___ Available data

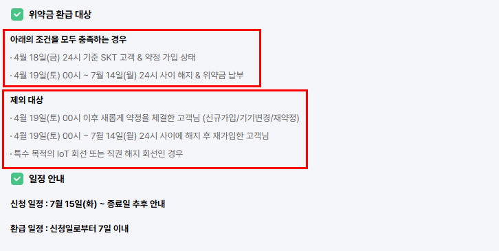 | 대상자 | 4월 18일 약정 가입자 + 4월 19일~7월 14일 해지 & 위약금 납부 고객 |
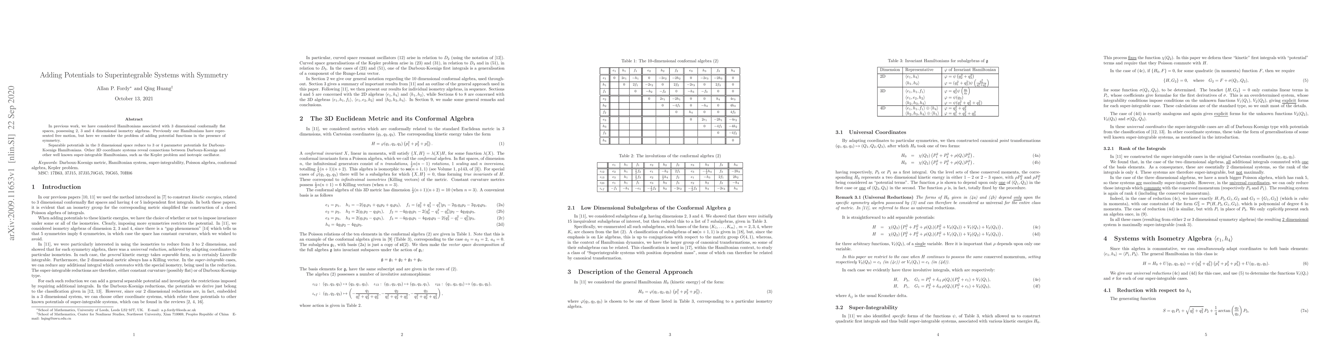 In previous work, we have considered Hamiltonians associated with 3 dimensional conformally flat spaces, possessing 2, 3 and 4 dimensional isometry algebras. Previously our Hamiltonians have represented free motion, but here we consider the problem of adding potential functions in the presence of symmetry. Separable potentials in the 3 dimensional space reduce to 3 or 4 parameter potentials for Darboux-Koenigs Hamiltonians. Other 3D coordinate systems reveal connections between Darboux-Koenigs and other well known super-integrable Hamiltonians, such as the Kepler problem and isotropic oscillator.
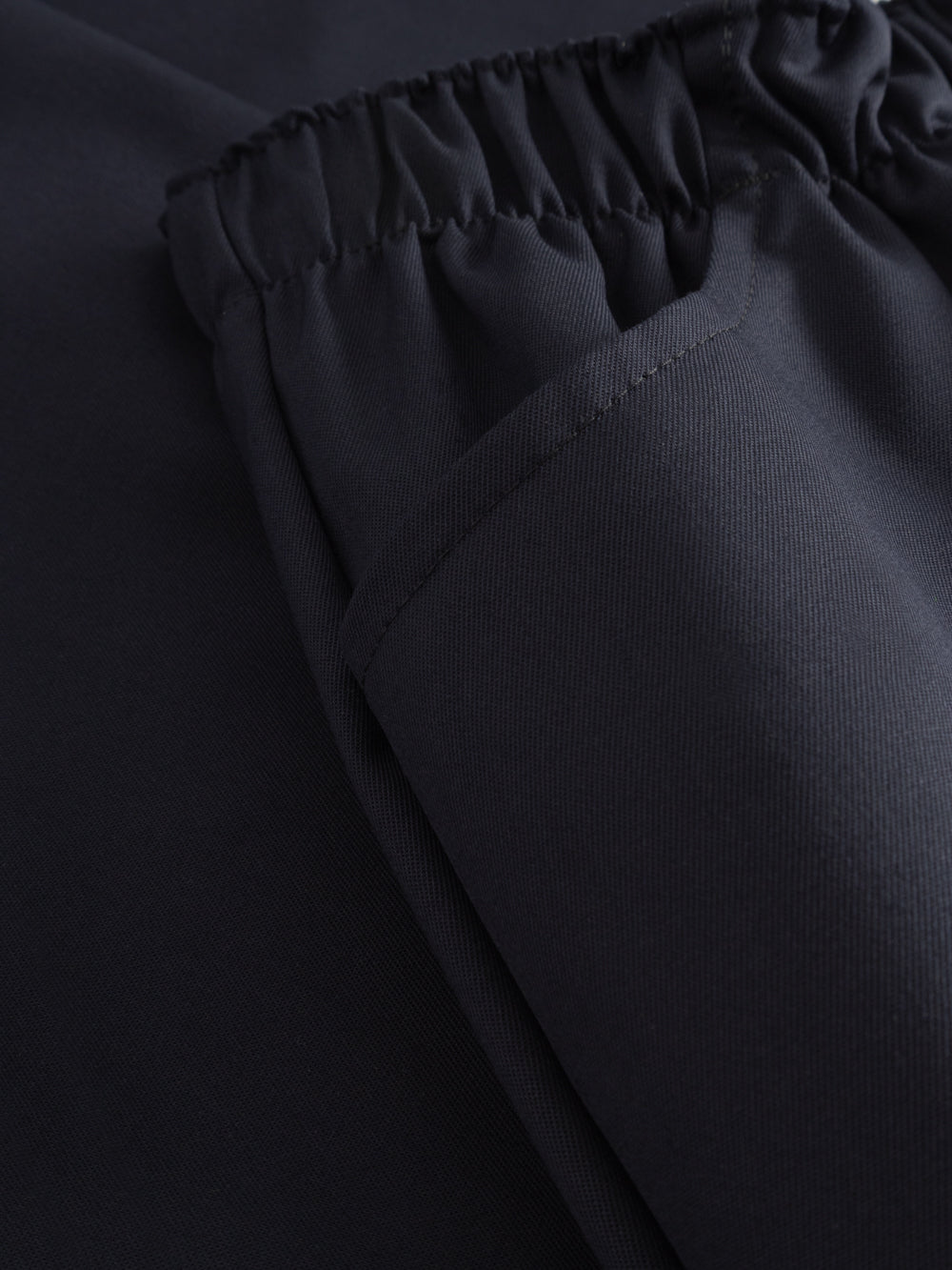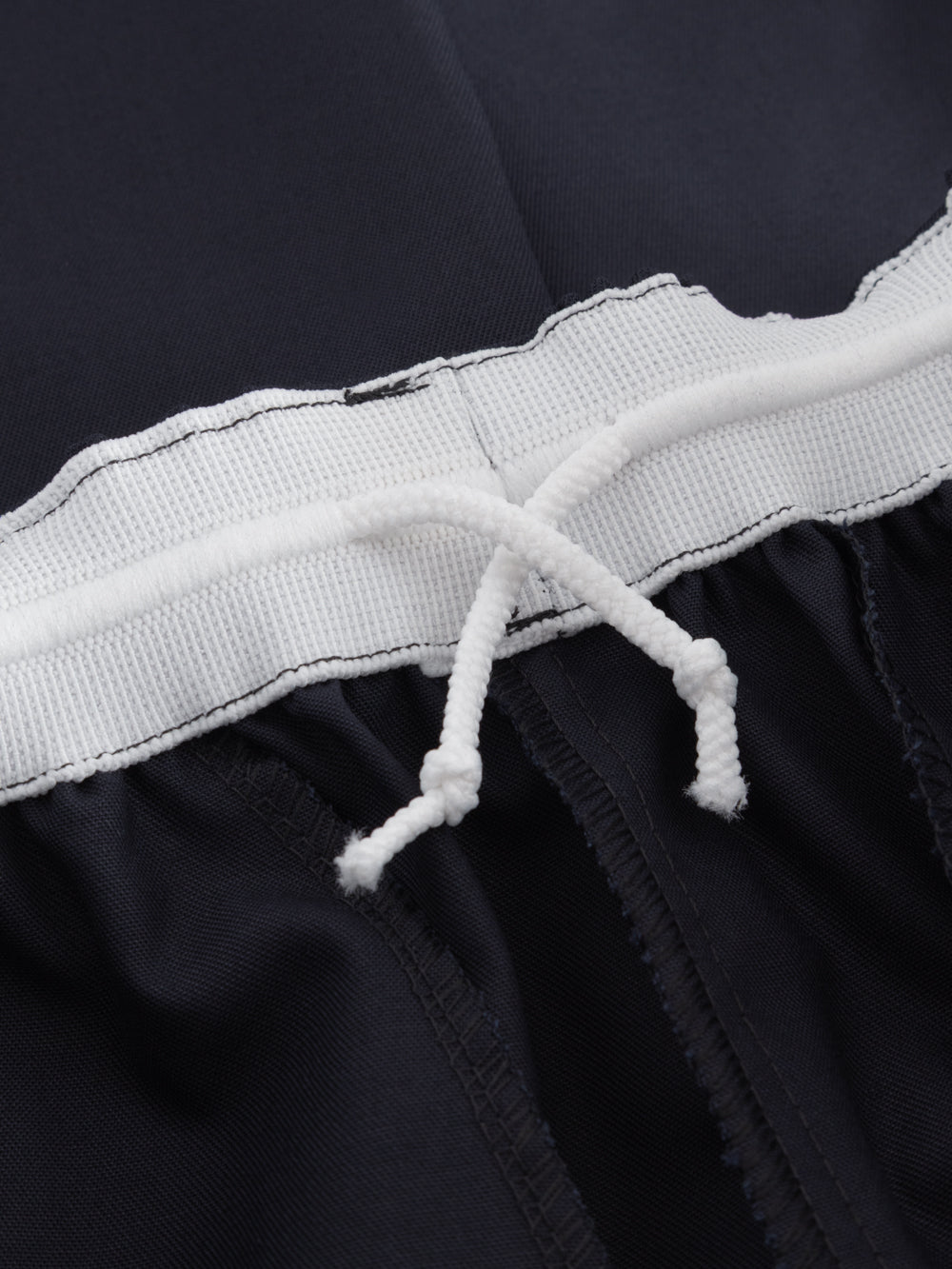 Yksityiskohtakuva tummansinisten housujen vyötäröllä olevasta kiristysnauhasta.
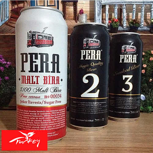 Пера был когда-то современным районом Бейоглу в Стамбуле. Пивоварня выпускает несколько марок турецкого крафтового (лофтового) пива бренда "Pera" под номерами. Во-первых, это хорошо известный hefeweizen или "белое пиво" («дрожжевое пшеничное»), получившее название №2. Далее вспомним о пиве верхнего брожения Kölsch под названием №1. Наконец, пора вспомнить о пиве р №3, которое является копченым пивом. Сказать честно, это особые сорта, которые просто обожают пивные снобы Стамбула. Например, kölsch имеет светло-золотистый цвет и крепость 4,1%. Это гладкое и сладкое пиво определенно похоже на американский Miller Lite или что-то подобное. Теперь о копченом пиве, сваренном определенно для своего нишевого потребителя. Его можно редко обнаружить в баре, но удачный искатель может найти его в маркете Бейоглу. Эта марка имеет янтарный цвет и крепость с ABV 5,1%. Аромат с непривычки сложный, вкус еще более странный, будто вы пьете жир из гриля. Если запивать им копченое или жареное мясо, то последнее компенсирует тяжелый копченый вкус пива. В этот момент вы явно различаете жареный солод, который имеет неожиданно довольно приятный вкус, если сможете преодолеть дымность! Cамое ходовое пиво и вкусное, пожалуй, это пиво №2. Крепость 5%. Имеет сладкий вкус и яркий золотой цвет. Хорошо сочетается с любой едой. В заключение расскажем о новых марках пива "Пера". №5 это нефильтрованное и непрозрачное, №6 - с ароматом корицы и №7 - со вкусом жевательной резинки Есть еще "Zikkim - IPA" с черепом на этикетке. Кажется, это просто бомбическое пиво!

______

All of the data needs repeating exactly, but the pictures do not.

 | 대상자 | 4월 18일 약정 가입자 + 4월 19일~7월 14일 해지 & 위약금 납부 고객 |
 In previous work, we have considered Hamiltonians associated with 3 dimensional conformally flat spaces, possessing 2, 3 and 4 dimensional isometry algebras. Previously our Hamiltonians have represented free motion, but here we consider the problem of adding potential functions in the presence of symmetry. Separable potentials in the 3 dimensional space reduce to 3 or 4 parameter potentials for Darboux-Koenigs Hamiltonians. Other 3D coordinate systems reveal connections between Darboux-Koenigs and other well known super-integrable Hamiltonians, such as the Kepler problem and isotropic oscillator.
 Yksityiskohtakuva tummansinisten housujen vyötäröllä olevasta kiristysnauhasta.
 Пера был когда-то современным районом Бейоглу в Стамбуле. Пивоварня выпускает несколько марок турецкого крафтового (лофтового) пива бренда "Pera" под номерами. Во-первых, это хорошо известный hefeweizen или "белое пиво" («дрожжевое пшеничное»), получившее название №2. Далее вспомним о пиве верхнего брожения Kölsch под названием №1. Наконец, пора вспомнить о пиве р №3, которое является копченым пивом. Сказать честно, это особые сорта, которые просто обожают пивные снобы Стамбула. Например, kölsch имеет светло-золотистый цвет и крепость 4,1%. Это гладкое и сладкое пиво определенно похоже на американский Miller Lite или что-то подобное. Теперь о копченом пиве, сваренном определенно для своего нишевого потребителя. Его можно редко обнаружить в баре, но удачный искатель может найти его в маркете Бейоглу. Эта марка имеет янтарный цвет и крепость с ABV 5,1%. Аромат с непривычки сложный, вкус еще более странный, будто вы пьете жир из гриля. Если запивать им копченое или жареное мясо, то последнее компенсирует тяжелый копченый вкус пива. В этот момент вы явно различаете жареный солод, который имеет неожиданно довольно приятный вкус, если сможете преодолеть дымность! Cамое ходовое пиво и вкусное, пожалуй, это пиво №2. Крепость 5%. Имеет сладкий вкус и яркий золотой цвет. Хорошо сочетается с любой едой. В заключение расскажем о новых марках пива "Пера". №5 это нефильтрованное и непрозрачное, №6 - с ароматом корицы и №7 - со вкусом жевательной резинки Есть еще "Zikkim - IPA" с черепом на этикетке. Кажется, это просто бомбическое пиво!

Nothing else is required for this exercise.